We'll save both loan-level and cohort-level features to separate tables in the database for easy access in modeling.

In [11]:
# Save features to database
print("Saving features to database...")
save_features_to_database(
    loan_features_df=loan_features_df,
    cohort_features_df=cohort_features_df,
    database_path=DATABASE_PATH,
    decision_time_days=DECISION_TIME_DAYS
)

print("Features saved successfully!")
print(f"Loan-level features saved to: loan_features_t{DECISION_TIME_DAYS}")
print(f"Cohort-level features saved to: cohort_features_t{DECISION_TIME_DAYS}")

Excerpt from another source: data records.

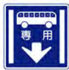
Exclusive Lane for Buses
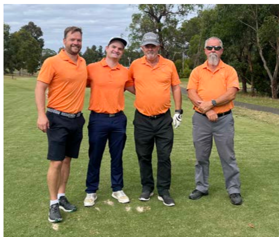
It was a friendly game, but the President's Cup was still keenly contested by members, guests and golfing enthusiasts.

● There are many benefits to holding an RACV Healesville Country Club & Resort Season Pass. Find out more, call (03) 5969 9451 or email healesville@golf.racv.com.au
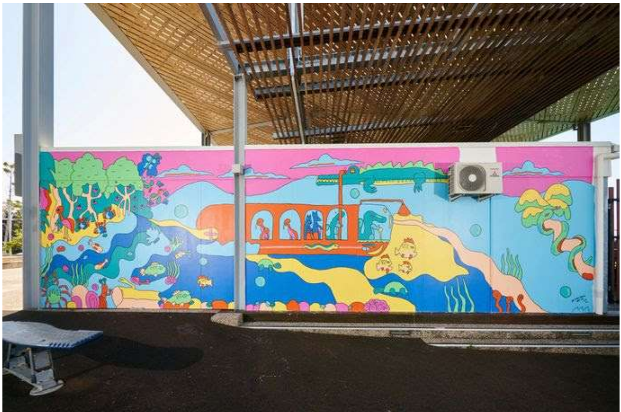
Mural Wrap up: A dive into the bluewater river, Bluewater Quay, Mackay
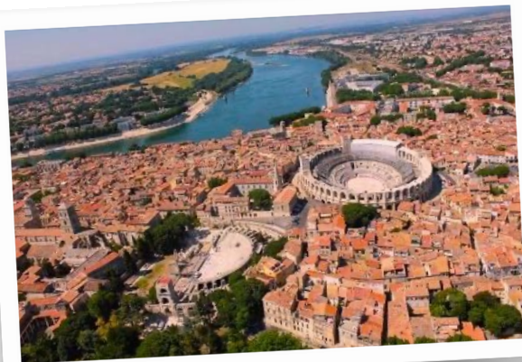
Roman theatre and Amphitheatre, Arles

Saving features to database...
Saved 15600 loan features to table: loan_features_t90
Saved 7 cohort features to table: cohort_features_t90
Features saved successfully!
Loan-level features saved to: loan_features_t90
Cohort-level features saved to: cohort_features_t90


## Next Steps

The feature engineering is complete. Key outputs:

1. **Loan-level features** (`loan_features_t90` table): Individual loan characteristics and early behavior signals
2. **Cohort-level features** (`cohort_features_t90` table): Portfolio composition and risk metrics

### For Modeling:
- **Strategy A (Loan-level → Aggregate)**: Use loan-level features to predict individual outcomes, then aggregate to cohort level
- **Strategy B (Direct Cohort)**: Use cohort-level features to directly predict cohort ROI

### Key Considerations:
- All features respect the decision time constraint (t=90 days)
- Missing values are handled appropriately for each feature type
- Features are saved in database tables for easy access in modeling notebook
- Complex calculations are modularized in `src/features.py` for reusability

Ready for the modeling phase!